| TASK TO COMPLETE |
In the material below, pictures must be dropped. Repeat exactly, and only, the lines from the line with "デザートには福井老舗御素麺屋のかりんとう饅頭と、濃厚抹茶アイスを。" to the line with "The additional cuff", both ends included.

| RECORDS SHOWN |
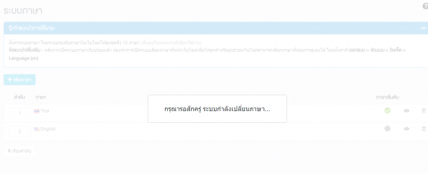 7. เมื่อเสร็จแล้วเราจะได้ระบบภาษาที่เราเพิ่มเข้าไป ขึ้นมาแสดงต่อท้าย ในกรณีที่อยากเปลี่ยนเป็นภาษาเริ่มต้นของเว็บ ให้ติ๊กเครื่องหมายถูกเลือกเป็นภาษาเริ่มต้น (ระบบภาษาจะเป็นให้เฉพาะข้อมูลที่เป็นระบบ ข้อมูลในส่วนของฝั่งลูกค้าจะต้องกรอกข้อมูลเข้าไปตามภาษานั้นเอง)
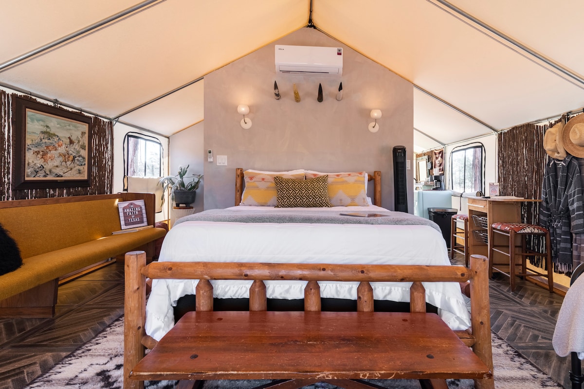 Glamping pod hvězdami + bazén * Přísné – ŽÁDNÍ domácí mazlíčci Tyto stany s plátěnými stěnami byly navrženy tak, aby vám během pobytu nabídly vše, co potřebujete. Každý stan je plně instalovaný, má vlastní koupelnu/sprchu, teplou vodu, kuchyňský kout, klimatizaci a topení plus kamna na dřevo. Jsou zde pouze dva stany se společným kovbojským ohništěm. Texaská noční obloha a spousta hvězd✨⛺️. Vytvořeno pro dobrodružství a propojení. Pokud si chceš pronajmout oba stany, pošli mi zprávu.
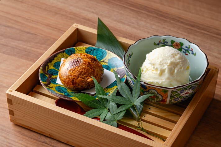 デザートには福井老舗御素麺屋のかりんとう饅頭と、濃厚抹茶アイスを。
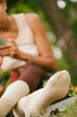 The additional cuff means they fit perfectly on the foot and do not slip; they fit quite tightly but still do not leave any unpleasant marks. The material always contracts a little when washed and expands again when put on again and adapts to the foot. The socks can withstand repeated use (modern ballet dancing on stage) and many washes and have a long service life and remain colourfast. The soles of the socks are thickened on the inside with a type of terry cloth, which gives the impression of walking a little softer or having more “grip”. Similar to Nike sports socks, but which are always rented and always have a logo. The nice thing about these socks is that they have absolutely no print, logo or size information or are visible on the outside. Classy without being showy, understated, simply good. The high proportion of natural material means they can also be dyed easily, and the range of colours available to buy is amazing. If you buy these socks, which aren't exactly cheap, you'll have a classy little piece of clothing that will last a long time. You'll probably notice... that I'm convinced ;) ... if the socks were available in the same form... as sneaker socks, that would be the absolute highlight.
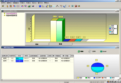 座席狀態(tài)實時監(jiān)控圖形顯示;線路狀態(tài)實時監(jiān)控圖形顯示;按時間以及不同條件進(jìn)行查詢的完善的歷史數(shù)據(jù)分類分析及統(tǒng)計;以統(tǒng)計報表形式提供中心各狀態(tài)及業(yè)績信息作為考評依據(jù);按Excel方式輸出報表,提供進(jìn)一步編輯功能。其所生成的上百張報表,可以協(xié)助企業(yè)有效管理資源,檢查成本,預(yù)測改善現(xiàn)有運作的潛在需求。
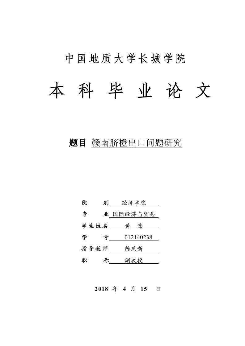中国地质大学长城学院本科毕业论文题目赣南脐橙出口问题研究院别经济学院专业国际经济与贸易学生姓名黄莺学号012140238指导教师陈凤新职称副教授2018年4月15日本科毕业生毕业论文(设计)诚信承诺书毕业论文赣南脐橙出口问题研究(设计)题目国际经济学生姓名黄莺专业学号012140238与贸易指导老师陈凤新职称副教授所在院别经济学院诚信承诺本人慎重承诺和声明:我承诺在毕业论文(设计)活动中遵守学校有关规定,恪守学术规范,在本人的毕业论文中不剽窃、抄袭他人的学术观点、思想和成果,不篡改研究数据,如有违规行为发生,我愿承担一切责任,接受学校的处理。学生(签名):年月日中国地质大学长城学院毕业论文任务书学生姓名黄莺学号012140238专业班级14级国际经济与贸易2班指导教师陈凤新职称副教授单位河北大学毕业论文题目赣南脐橙出口问题研究毕业论文主要内容和要求:主要内容:论文分析的是赣南脐橙的出口现状并提出扩大出口的措施。首先从自然资源优越、产品品质优良、区位优势明显、劳动力成本较低等方面的优势进行分析:其次从出口量占总产量的比重低、出口价格水平低于世界平均价格、出口市场相对集中、出口企业增多等方面分析了赣南脐橙的出口现状:再其次列出产品的商品化处理程度低、出口缺乏质量标准、品牌杂乱、出口收汇风险较高、出口时间集中等方面的问题并进行原因分析:最后提出扩大出口的措施:培育出口龙头企业、优化品种结构和提升质量、运用好原产地标志制度、完善基础设施、运用出口信用保险规避收汇风险等。要求:论文撰写要求思路清晰、内容充实、论点明确,论据充分,论证严密,语言通顺。撰写论文前应首先阅读相关的研究资料,掌握学术前沿动态,对相关理论著作要很好的把握,提高理论水平及思想深度。根据开题报告和老师提出的意见对论文提纲进行修改,确定大纲后认真撰写毕业论文。撰写论文结束后要根据老师的修改意见,认真反复的修改论文,并按照要求参加毕业论文的答辩,严格按照论文进度安排进行论文的写作。论文的格式、字数等撰写方面的要求参照《中国地质大学长城学院毕业论文(设计)撰写规范》。毕业论文主要参考资料:[1]邓淑华,黄小兵.柑橘出口贸易研究一以赣南脐橙为例[刀.柑橘之家技术产业联盟,2017,(6):21-26.[2]徐吉良.对原产地地理标志工作的思考和建议[J刀.中国国门时报,2016,(1):11-16[3]习小林.以习总书记的五种思维研究赣南脐橙产业[D].江西:中共赣州市委党校,2017.29-31.[4]赖晓桦,凌真新.由绿色壁垒谈赣南脐橙[J刀.江西园艺,2015,(3):8-11.[5]陈亚艳,罗新诂.赣南脐橙出口特点及竞争力影响因素实证分析[刀.中国南方果树,2015,(1):126-132.[6]陈亚艳,李越荣.江西与赣粤闽滇脐橙出口竞争力比较研究[D].江西:赣南师范学院商学院,2016.187-192.[7]张胜荣.基于钻石模型的赣南脐橙产业国际竞争力研究[J刀.西部经济管理论坛,2015,(1):50-54.[8]邓淑华,黄小光.基于自由贸易理论的赣南脐橙出口研究[J刀.价格月刊,2017,(476):77-81.[9]陈亚艳,接云云,李越荣,罗斌,罗显琦.赣南脐橙品质与营销的制约因素及产业发展对策[刀.农业经济农业管理,2016,(12):153-157.[10]刘家祁,王光华,黄小勇.构建五大体系,推进信丰脐橙产业转型发展[刀.现代园艺,2018,(1):33-34.
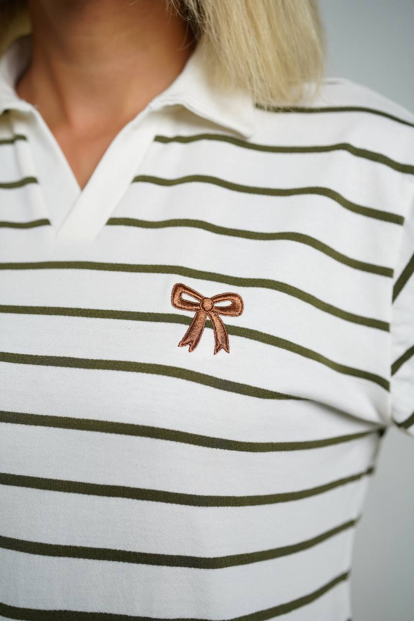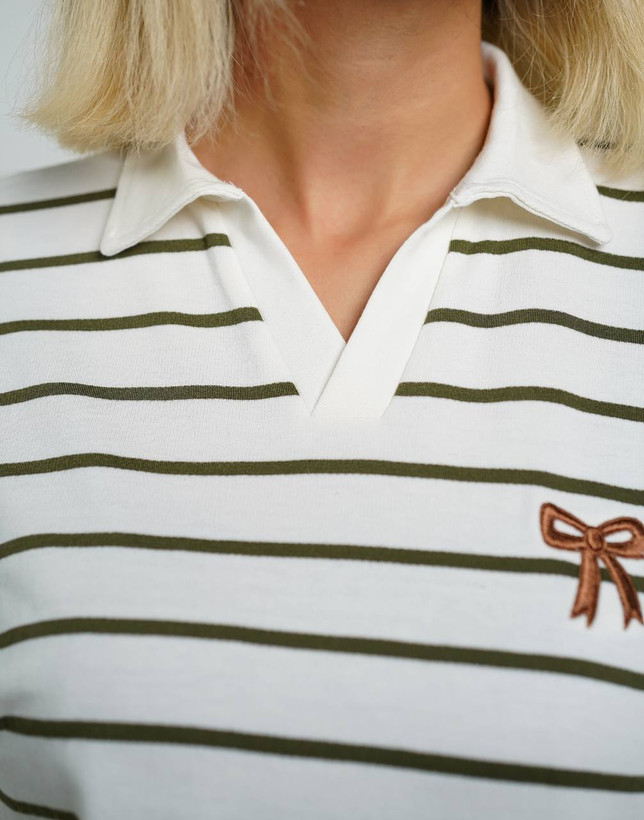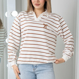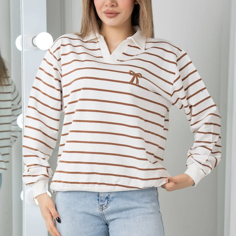 بلوز زنانه دورس یقه دار راه راه گلدوزی
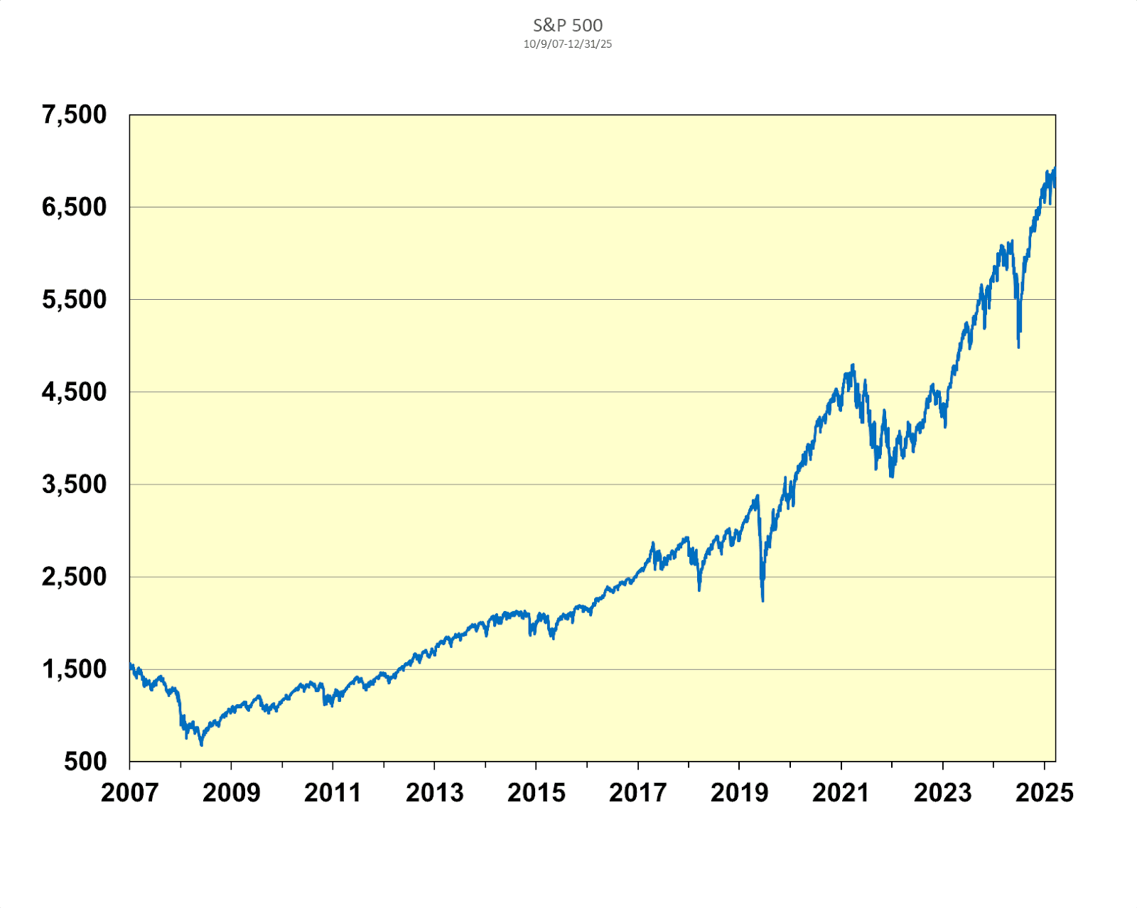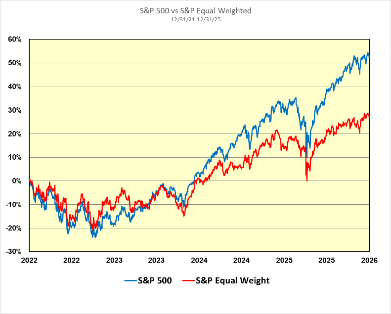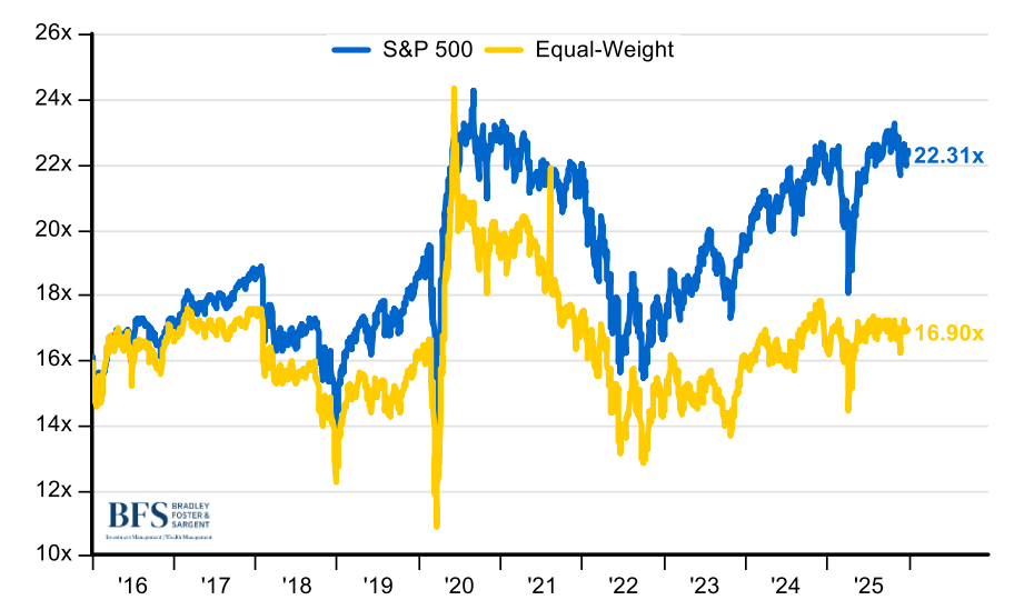 "Let me again suggest that the future has never been clear to me (give us a call when the next few months are obvious to you — or, for that matter, the next few hours)." — Warren Buffett, 1966 For many of us in the investment business, the first question that is often asked of us by clients and friends is: “Where is the market headed?” It seems an entirely appropriate question to be directed to investment professionals, since a large percentage of our waking hours is spent analyzing companies, industries, sectors of the stock market, and the stock market itself. When asked this question, it is, therefore, not surprising for many investment professionals to sound knowledgeable about the direction of the stock market — either because they think they can accurately forecast its short-term future behavior, or because it might be embarrassing for them to admit that they don’t know where the stock market is headed. At Bradley, Foster & Sargent Inc., however, we are not uncomfortable admitting that we don’t know which way the stock market is headed over the short term. And we find ourselves in very good company in this regard. What do investors such as Warren Buffett, Peter Lynch, and John Templeton have in common? All say that it is impossible to predict the direction of the stock market in the short term with any degree of regularity. Since the inception of the Standard & Poor's 500 Index in 1926, the Index has had a compound annual growth rate of nearly 11 percent (doubling roughly every seven years). And we believe the stock market will continue to reward investors with similar kinds of return well into the future, unless the country deviates from its engine of democratic capitalism, which has caused the United States to be the wealthiest country in the history of the world. Secular and Cyclical Bull Markets As we described in our last quarterly investment commentary, investors have been living in a “golden age” since the market bottomed in March 2009. In two months, this secular bull market will be 17 years old. During this period, the S&P 500 Index has advanced more than twelve-fold (total return). The chart on the following page illustrates one of the great secular bull markets in our history: Secular Bull Market S&P 500 Index 2007-2025 Source: Bloomberg It is important to differentiate between secular and cyclical bull markets. A secular bull market is a broad, multi-decade trend of rising stock prices driven by major structural shifts (such as technology), while a cyclical bull market is a shorter-term (often lasting a few years) uptrend occurring within a secular trend, often mirroring business cycles and experiencing smaller peaks and troughs. The U.S. stock market has been in a cyclical bull market for the past three years. Following the market downturn in 2022, when the S&P 500 had a total return of -18.1 percent, the market advanced robustly during the last three years, with the S&P 500 turning in a cumulative total return of 86.1 percent. Thus, long-term stock market investors have been the fortunate beneficiaries of both a long-running secular bull market and the recent cyclical bull market, as the chart below demonstrates: Cyclical Bull Market S&P 500 Index 2022-2025 Source: Bloomberg Where Do We Go From Here? But we don’t want to become complacent. As we have written before, trees don’t grow to heaven. Inevitably, things happen that cause the market to sell off. In order to plot a course forward, we need to know where we have been and where we stand now. The late historian David McCullough once wrote: “A wise historian once said that to try to plan for the future without a sense of the past is like trying to plant cut flowers.” As we move into 2026, let’s take a look at the current state of play. Currently, the valuation (price/earnings ratio) of the stock market is elevated by every measure. The chart below shows the rich stock market valuation compared with historical norms. While the market’s price/earnings ratio of around 22.3 on 2026 operating earnings is somewhat less than the extremes reached at the top of the “Internet bubble” in 2000, it is nonetheless 20 to 30 percent above historical averages. However, the good news is that the S&P 500 Equal Weight Index (which removes the unhealthy concentration of the top 10 stocks in the S&P) is trading at a much more reasonable valuation. The chart below shows this dichotomy: S&P 500 vs. S&P Equal Weight Index 2016-2025 Source: S&P, Invesco, FactSet In the most fundamental sense, stock markets (and stocks for that matter) advance because of two basic variables: earnings and valuations (prove/earnings ratios). If earnings grow while the price/earnings ratio remains stable, the market will advance in line with the earnings growth. If earnings remain flat but valuations increase, the market will advance in line with the expansion of the price/earnings ratio. If both earnings grow and valuations increase, one has the best of all worlds, as the market advances both from earnings growth and multiple expansion — a double whammy. Most analysts do not believe that the stock market’s price/earnings ratio will expand in 2026; it is already extended. But they seem comfortable with the elevated valuation and are not predicting a contraction. It seemingly appears as if investors have embraced a new paradigm in which the market’s price/earnings ratio should be 20 or more — well above the historical average of around 16.5 over the past 50 years. But once in a long while a paradigm shift does occur. During the latter half of the 19th century and the first half of the 20th century, there was such a paradigm shift. Until the early 1950s, U.S. investors required equities to have higher dividend yields than bond yields to compensate for equities’ inherently greater risk over investment grade bonds. Dividend yields dropped below bond yields, as investors prioritized the growth potential of stocks over bonds

| ANSWER SPACE |
 デザートには福井老舗御素麺屋のかりんとう饅頭と、濃厚抹茶アイスを。
 The additional cuff means they fit perfectly on the foot and do not slip; they fit quite tightly but still do not leave any unpleasant marks. The material always contracts a little when washed and expands again when put on again and adapts to the foot. The socks can withstand repeated use (modern ballet dancing on stage) and many washes and have a long service life and remain colourfast. The soles of the socks are thickened on the inside with a type of terry cloth, which gives the impression of walking a little softer or having more “grip”. Similar to Nike sports socks, but which are always rented and always have a logo. The nice thing about these socks is that they have absolutely no print, logo or size information or are visible on the outside. Classy without being showy, understated, simply good. The high proportion of natural material means they can also be dyed easily, and the range of colours available to buy is amazing. If you buy these socks, which aren't exactly cheap, you'll have a classy little piece of clothing that will last a long time. You'll probably notice... that I'm convinced ;) ... if the socks were available in the same form... as sneaker socks, that would be the absolute highlight.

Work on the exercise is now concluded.